Provided data -

▬▬▬

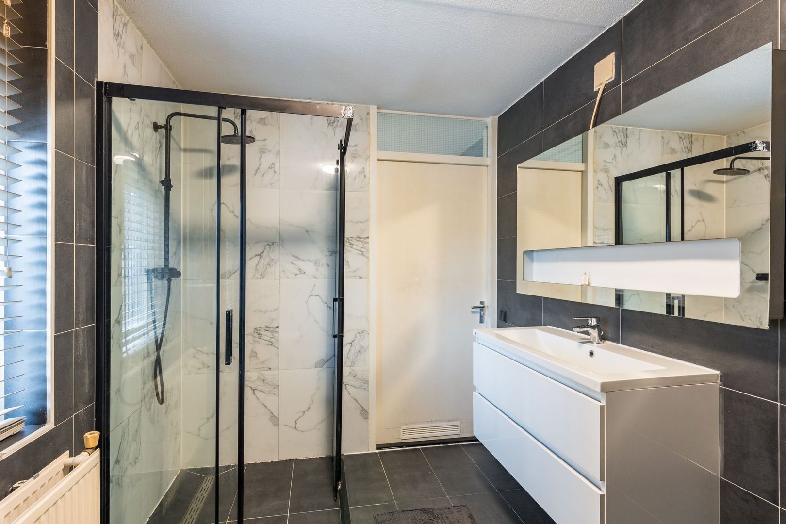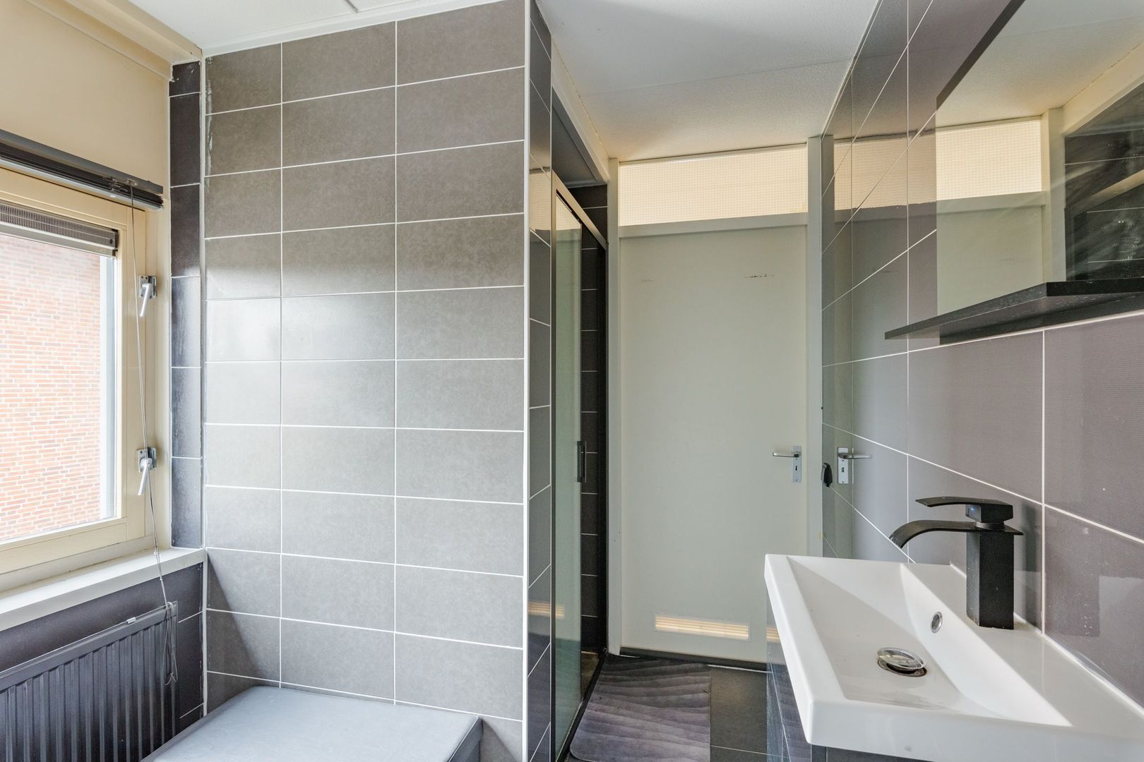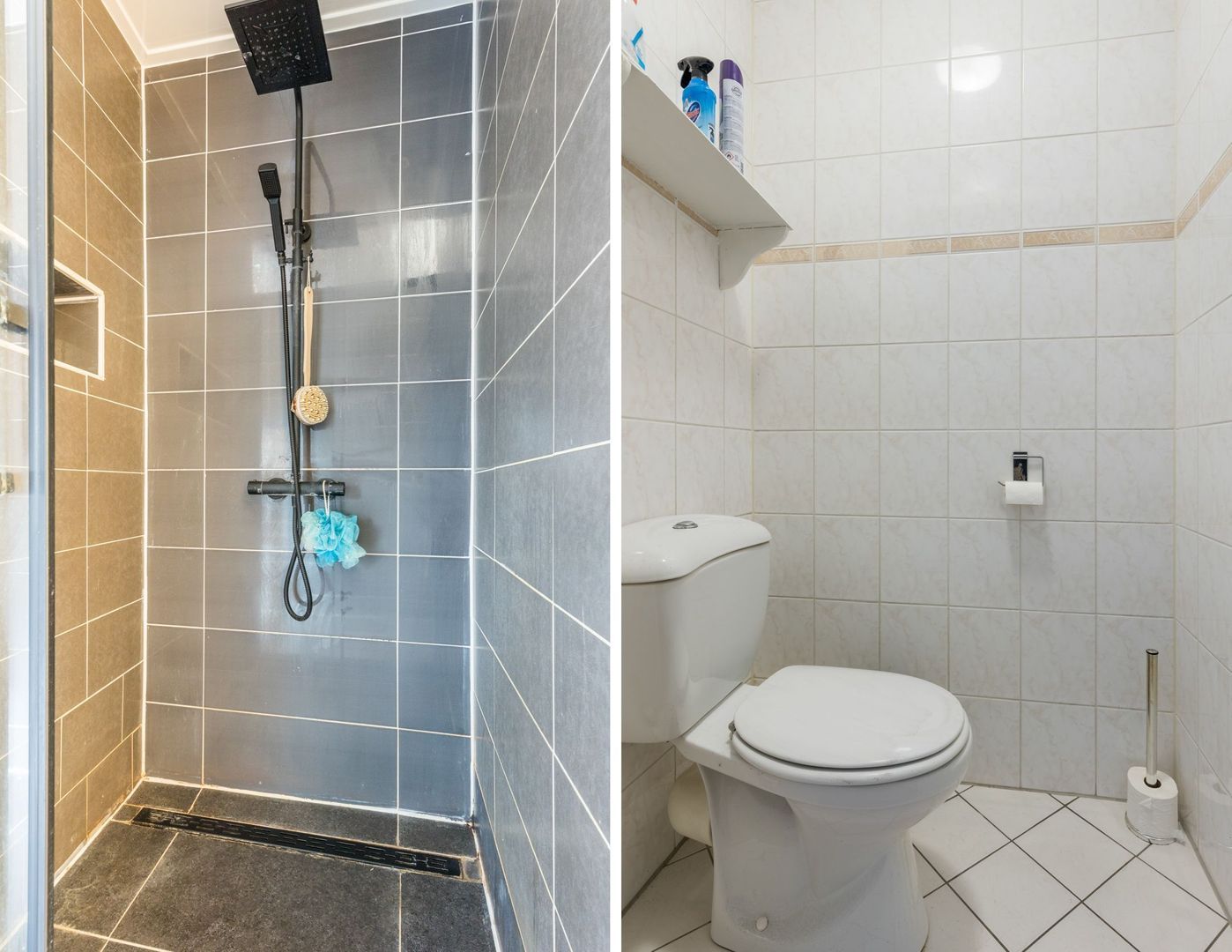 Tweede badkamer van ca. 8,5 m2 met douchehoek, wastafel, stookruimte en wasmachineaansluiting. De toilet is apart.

▬▬▬

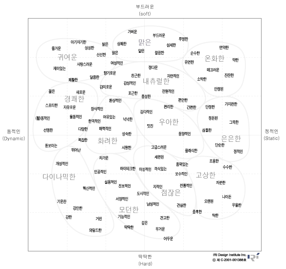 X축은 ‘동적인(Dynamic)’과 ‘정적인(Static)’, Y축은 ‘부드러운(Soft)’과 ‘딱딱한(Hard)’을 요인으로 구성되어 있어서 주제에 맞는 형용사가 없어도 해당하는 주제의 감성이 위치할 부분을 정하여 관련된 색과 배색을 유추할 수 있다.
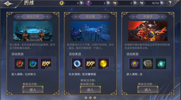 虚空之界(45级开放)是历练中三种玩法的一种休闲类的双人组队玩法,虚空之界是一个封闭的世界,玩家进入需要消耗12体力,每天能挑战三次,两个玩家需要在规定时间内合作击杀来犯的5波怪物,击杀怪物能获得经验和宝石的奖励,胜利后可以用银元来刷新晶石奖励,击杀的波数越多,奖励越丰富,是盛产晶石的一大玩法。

▬▬▬

Task item - In the listing above, find the line containing "X축은 ‘동적인(Dynamic)’과 ‘정적인(Static)’, Y축은" and the line containing "虚空之界(45级开放)是历练"; print those lines and every line between them exactly, leaving out pictures.

Output below -
 X축은 ‘동적인(Dynamic)’과 ‘정적인(Static)’, Y축은 ‘부드러운(Soft)’과 ‘딱딱한(Hard)’을 요인으로 구성되어 있어서 주제에 맞는 형용사가 없어도 해당하는 주제의 감성이 위치할 부분을 정하여 관련된 색과 배색을 유추할 수 있다.
 虚空之界(45级开放)是历练中三种玩法的一种休闲类的双人组队玩法,虚空之界是一个封闭的世界,玩家进入需要消耗12体力,每天能挑战三次,两个玩家需要在规定时间内合作击杀来犯的5波怪物,击杀怪物能获得经验和宝石的奖励,胜利后可以用银元来刷新晶石奖励,击杀的波数越多,奖励越丰富,是盛产晶石的一大玩法。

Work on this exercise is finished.